Prove that $\sqrt{3} + \sqrt{2}$ is an irrational number.

Let us assume $\sqrt{3} + \sqrt{2}$ is a rational number.

Let $\sqrt{3} + \sqrt{2} = x$

Squaring on both sides, we get :

$\Rightarrow (\sqrt{3} + \sqrt{2})^2 = x^2 \\[1em] \Rightarrow (\sqrt{3})^2 + (\sqrt{2})^2 + 2 \times \sqrt{3} \times \sqrt{2} = x^2 \\[1em] \Rightarrow 3 + 2 + 2\sqrt{6} = x^2 \\[1em] \Rightarrow 5 + 2\sqrt{6} = x^2 \\[1em] \Rightarrow \sqrt{6} = \dfrac{x^2 - 5}{2}.$

Here, x is rational,

∴ x² is rational ………(1)

⇒ x² - 5 is rational

So, $\dfrac{x^2 - 5}{2}$ is rational.

$\Rightarrow \dfrac{x^2 - 5}{2} = \sqrt{6}$ is rational

But $\sqrt{6}$ is irrational

$\Rightarrow \dfrac{x^2 - 5}{2}$ is irrational i.e. x² - 5 is irrational and so x² is irrational ……..(2)

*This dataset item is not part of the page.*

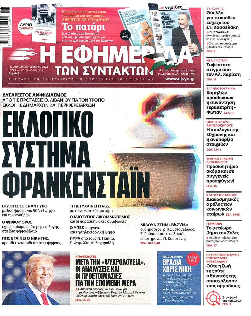 Η ΕΦΗΜΕΡΙΔΑ ΤΩΝ ΣΥΝΤΑΚΤΩΝ-08/11/2024
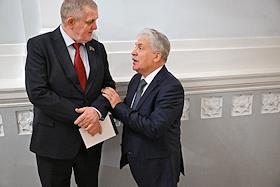 Заседание "круглого стола" на тему: "Законодательное регулирование развития биотехнологий в Российской Федерации. Агроэкологический аспект" с участием председателя ЦК КПРФ, руководителя фракции КПРФ в Государственной думе (ГД) России Геннадия Зюганова в ГД России. Слева направо: председатель комитета ГД России по развитию Дальнего Востока и Арктики Николай Харитонов и первый заместитель председателя комитета ГД России по экологии, природным ресурсам и охране окружающей среды Вячеслав Фетисов во время заседания.

From (1), x² is rational, and

from (2), x² is irrational

∴ We arrive at a contradiction.

So, our assumption that $\sqrt{3} + \sqrt{2}$ is a rational number is wrong.

∴ $\sqrt{3} + \sqrt{2}$ is irrational.

Hence, proved that $\sqrt{3} + \sqrt{2}$ is an irrational number.